Backroad Bids

Backroad Bids We sell Walmart, Target ,Amazon Lowes Pallets and more for up to 90% off retail price. Join us Live. No hate speech or arguing. No exceptions.

Bidding will go by auctioneers screen to keep from any issues or confusion in lag. Immediate removal and block to any and all hateful comments. If you want your item shipped, you are responsible for shipping costs. You may message Brooklyn Luttrell your zip code for shipping rates.

02/01/2026

Hey BRB family.
I owe you an explanation, and I want to be real with you.

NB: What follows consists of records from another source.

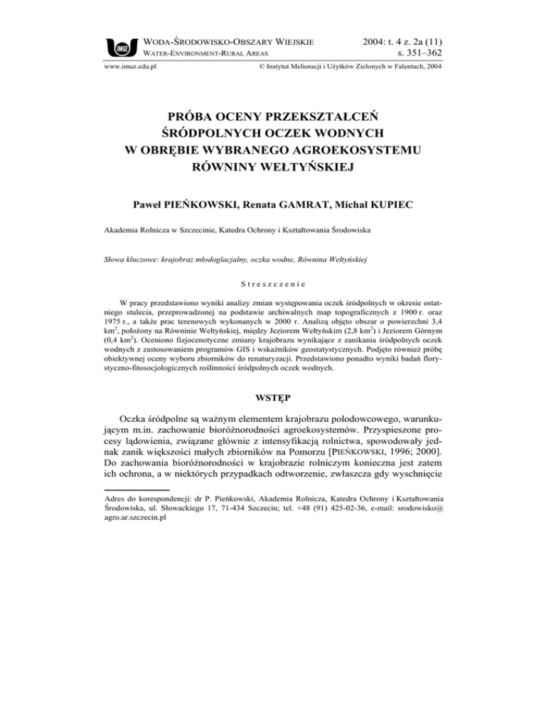 WODA-ŚRODOWISKO-OBSZARY WIEJSKIE WATER-ENVIRONMENT-RURAL AREAS www.imuz.edu.pl 2004: t. 4 z. 2a (11) s. 351–362 © Instytut Melioracji i Użytków Zielonych w Falentach, 2004 PRÓBA OCENY PRZEKSZTAŁCEŃ ŚRÓDPOLNYCH OCZEK WODNYCH W OBRĘBIE WYBRANEGO AGROEKOSYSTEMU RÓWNINY WEŁTYŃSKIEJ Paweł PIEŃKOWSKI, Renata GAMRAT, Michał KUPIEC Akademia Rolnicza w Szczecinie, Katedra Ochrony i Kształtowania Środowiska Słowa kluczowe: krajobraz młodoglacjalny, oczka wodne, Równina Wełtyńskiej Streszczenie W pracy przedstawiono wyniki analizy zmian występowania oczek śródpolnych w okresie ostatniego stulecia, przeprowadzonej na podstawie archiwalnych map topograficznych z 1900 r. oraz 1975 r., a także prac terenowych wykonanych w 2000 r. Analizą objęto obszar o powierzchni 3,4 km2, położony na Równinie Wełtyńskiej, między Jeziorem Wełtyńskim (2,8 km2) i Jeziorem Górnym (0,4 km2). Oceniono fizjocenotyczne zmiany krajobrazu wynikające z zanikania śródpolnych oczek wodnych z zastosowaniem programów GIS i wskaźników geostatystycznych. Podjęto również próbę obiektywnej oceny wyboru zbiorników do renaturyzacji. Przedstawiono ponadto wyniki badań florystyczno-fitosocjologicznych roślinności śródpolnych oczek wodnych. WSTĘP Oczka śródpolne są ważnym elementem krajobrazu polodowcowego, warunkującym m.in. zachowanie bioróżnorodności agroekosystemów. Przyspieszone procesy lądowienia, związane głównie z intensyfikacją rolnictwa, spowodowały jednak zanik większości małych zbiorników na Pomorzu [PIEŃKOWSKI, 1996; 2000]. Do zachowania bioróżnorodności w krajobrazie rolniczym konieczna jest zatem ich ochrona, a w niektórych przypadkach odtworzenie, zwłaszcza gdy wyschnięcie Adres do korespondencji: dr P. Pieńkowski, Akademia Rolnicza, Katedra Ochrony i Kształtowania Środowiska, ul. Słowackiego 17, 71-434 Szczecin; tel. +48 (91) 425-02-36, e-mail: srodowisko@ agro.ar.szczecin.pl 352 Woda-Środowisko-Obszary Wiejskie t. 4 z. 2a (11) obiektu spowodowało przerwanie łączności między sąsiednimi, większymi biotopami otwartych wód powierzchniowych. Małe zbiorniki wodne pełnią rolę tzw. „wysp przystankowych” w obrębie obszarów ubogich w wody powierzchniowe, które mogą tworzyć korytarze ekologiczne między większymi zespołami otwartych wód powierzchniowych. Należy im przypisać znacznie większe znaczenie fizjocenotyczne w porównaniu ze zbiornikami położonymi na obszarach obfitujących w inne typy wód powierzchniowych. Typowanie obiektów do restytucji wymaga jednak wielu studiów z zakresu ekologicznych wymagań gatunków flory i fauny, związanych ze środowiskiem wodnym. Zarysowuje się również potrzeba obiektywnej oceny biotopów wodnych pod kątem ich wzajemnego położenia względem innych elementów krajobrazu. Dlatego też celem pracy była próba oceny zmian fizjocenotycznych i biocenotycznych, które zaszły na obszarze analizowanego agroekosystemu w wyniku zmian w rozmieszczeniu małych zbiorników wodnych. Do analizy wykorzystano systemy informacji geograficznej (GIS) oraz programy do obliczeń mierników statystyki przestrzennej (CrimeStat i Fragstats). MATERIAŁ I METODY Analizę występowania oczek przeprowadzono na podstawie materiałów kartograficznych (mapy topograficzne w skali 1:25000 z lat 1900 i 1975) oraz oceny stanu zbiorników, dokonanej w terenie w 2000 r. Kontury wszystkich obiektów wodnych zdigitalizowano w programie ArcInfo, a następnie dokonano analizy buforowania (wyznaczenie obszaru o zadanej odległości od buforowanego obiektu) od brzegów zbiorników wodnych. Powierzchnie buforów w zależności od przyjętej ekwidystanty mogą np. odpowiadać teoretycznej rocznej przestrzeni życiowej poszczególnych gatunków płazów lub symulować możliwe drogi migracyjne [BLASCHKE, 1997; JEDICKE, 1991]. Analizę rozkładu przestrzennego oczek wodnych wykonano za pomocą programu CrimeStat [LEVINE, 2000]. Regularność rozkładu obiektów oceniono na podstawie analizy najbliższego sąsiedztwa (ang. „nearest neighbour analysis”) [EARICKSON, HARLIN, 1994], polegającej na obliczeniu średniej odległości między najbliżej leżącymi punktami pomiarowymi, a następnie jej porównaniu z odległością teoretyczną [MAGNUSZEWSKI, 1999]. Średnią odległość do najbliższego sąsiada (ang. „nearest neighbour distance”) d(NN) obliczono na podstawie wzoru: N ⎛d ⎞ d ( NN ) = ∑ ⎜ i ⎟ i =1 ⎝ N ⎠ (1) P. Pieńkowski, R. Gamrat, M. Kupiec: Próba oceny przekształceń ... 353 gdzie: N – liczba punktów, m; di – odległość kolejnego punktu i do najbliższego sąsiada, m. Wskaźnik najbliższego sąsiedztwa (ang. „nearest neighbour index”) NNI obliczono zgodnie ze wzorem: N NNI = 2 ∑d i i =1 ⎛ A⎞ N ⎜ ⎟ ⎝N⎠ (2) gdzie: A – powierzchnia obszaru, m2; N, di – jak we wzorze (1). Wskaźnik połączeń (ang. „connectance index”) C obliczono z wykorzystaniem programu Fragstats na podstawie map wykonanych w programie Idrisi. ⎡ n ⎤ c ijk ⎥ ⎢ j =k ⎥ 100% C = ⎢⎢ ni (ni − 1) ⎥ ⎢ ⎥ 2 ⎢⎣ ⎥⎦ ∑ (3) gdzie: cijk – połączenie pomiędzy płatem j oraz płatem k, należącymi do tej samej klasy i w podanym przez użytkownika promieniu szukania (0 – brak połączenia, 1 – połączone); ni – liczba płatów danej klasy w obrębie obszaru badań. Na podstawie tego wskaźnika można ocenić możliwość połączeń między płatami należącymi do jednej klasy użytkowania w obrębie określonego bufora [MCGARIGAL i in., 2002]. Przyjmuje on wartości od 0 (gdy klasa składa się tylko z jednego płata lub w szukanej odległości brak „połączeń”) do 100 (gdy wszystkie płaty danej klasy mają między sobą „połączenia”). Przeprowadzono również badania florystyczno-fitosocjologiczne szaty roślinnej oczek. Wykonano 30 spisów florystycznych oraz 45 zdjęć fitosocjologicznych. Nazewnictwo gatunków oraz grup syntaksonomiczn
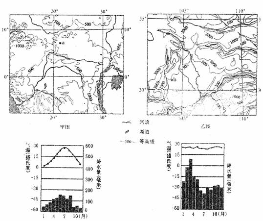 (三)读“两地区等高线分布示意图”以及流经两地区主要河流流域的“气温曲线和降水柱状图”,回答有关问题:(20分)
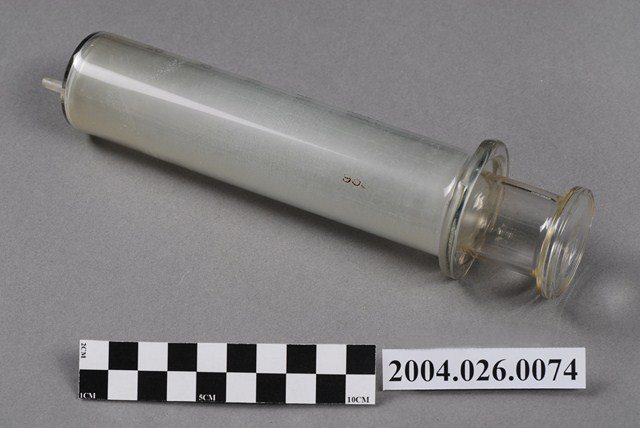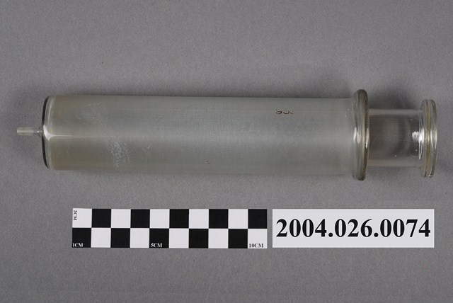 本物件為針筒100c.c.。針筒為透明無色,共有50個刻度,刻度上標有20、40、60、80和100之數字與cc字樣。針筒還印有ANGEL註冊商標和9527字樣。
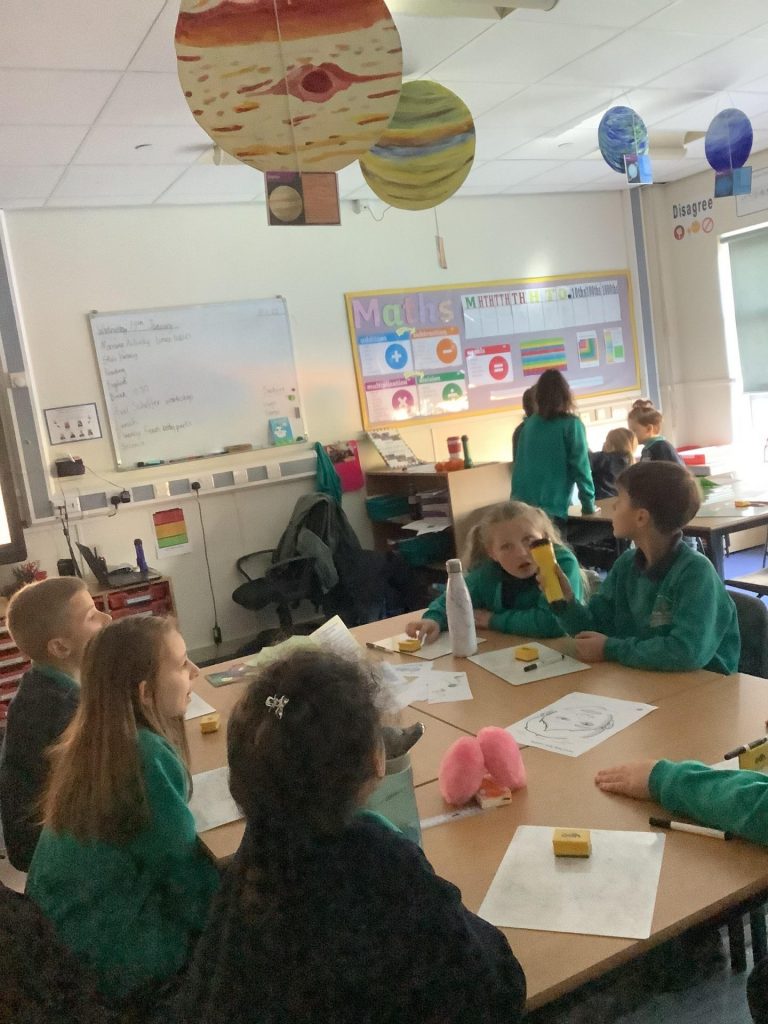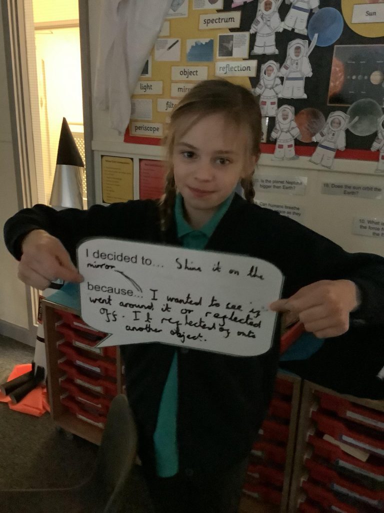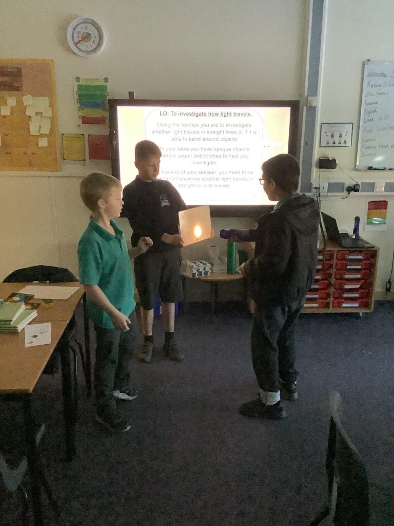 Firstly, the children used torches, mirrors and different objects to investigate whether light travels in straight lines or if it can bend around an object. Each group came to their own conclusion and used thought bubbles with sentences openers to prove their conclusion. We discussed our findings as a class and found that light travels in straight lines.
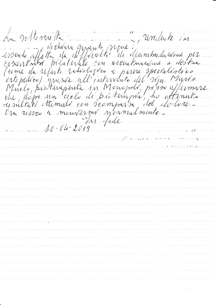 essendo affetta da difficoltà di deambulazione per coxartrosi bilaterale con accentuazione a destra (come da referto radiologico e parere specialistico ortopedico) grazie all’intervento del Sign. Mario Muolo, bioterapeuta in Monopoli, posso affermare che, dopo un ciclo di bioterapia, ho ottenuto risultati ottimali con scomparsa del dolore.
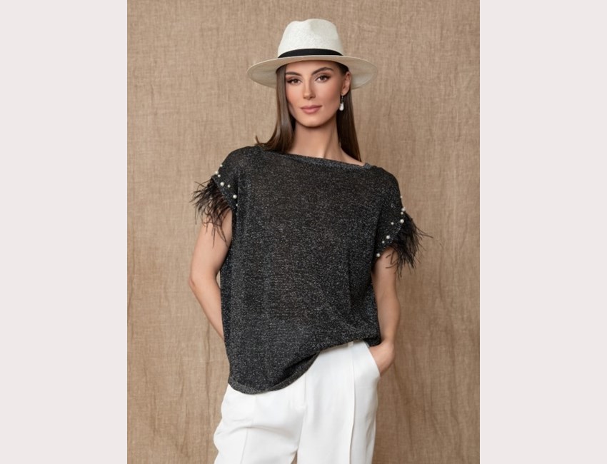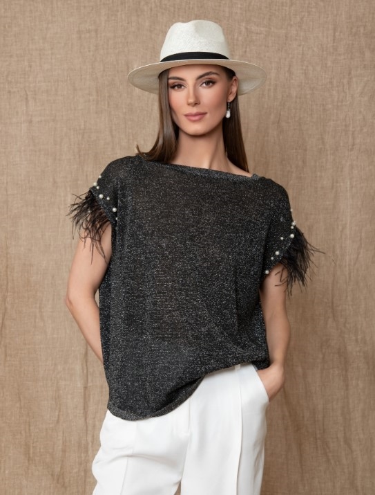 Πλεκτή μπλούζα lurex με πέρλες

I originally stepped back the week before Christmas very intentionally. Losing my stepdad in June hit me harder than I ever expected, and going through all of the “firsts” without him, especially the holidays, was something I did not handle well. While the prior 2 years were without him by my own choosing, this was the first time I didnt have that control or option. I praise God for giving back some of the time that was missed. It was my biggest blessing of 2025!! A piece of me that was broken was mended through him. But still the grief, anxiety, and depression slowly piled up, and I honestly underestimated how much it was affecting me. By October, I could feel it. Not just in my everyday life, but in the business too. I could see it in my motivation, my energy, my consistency, and eventually in my finances. The numbers never lie. Since the beginning of BRB in June of 2022 I had been present, active, on point. Until….I wasn’t. The disappointment was deafening. Yes, I know I explained that during a live at the end of 2025 and I know I apologized, because I truly hated that it spilled over (that I allowed it) into something I care so deeply about.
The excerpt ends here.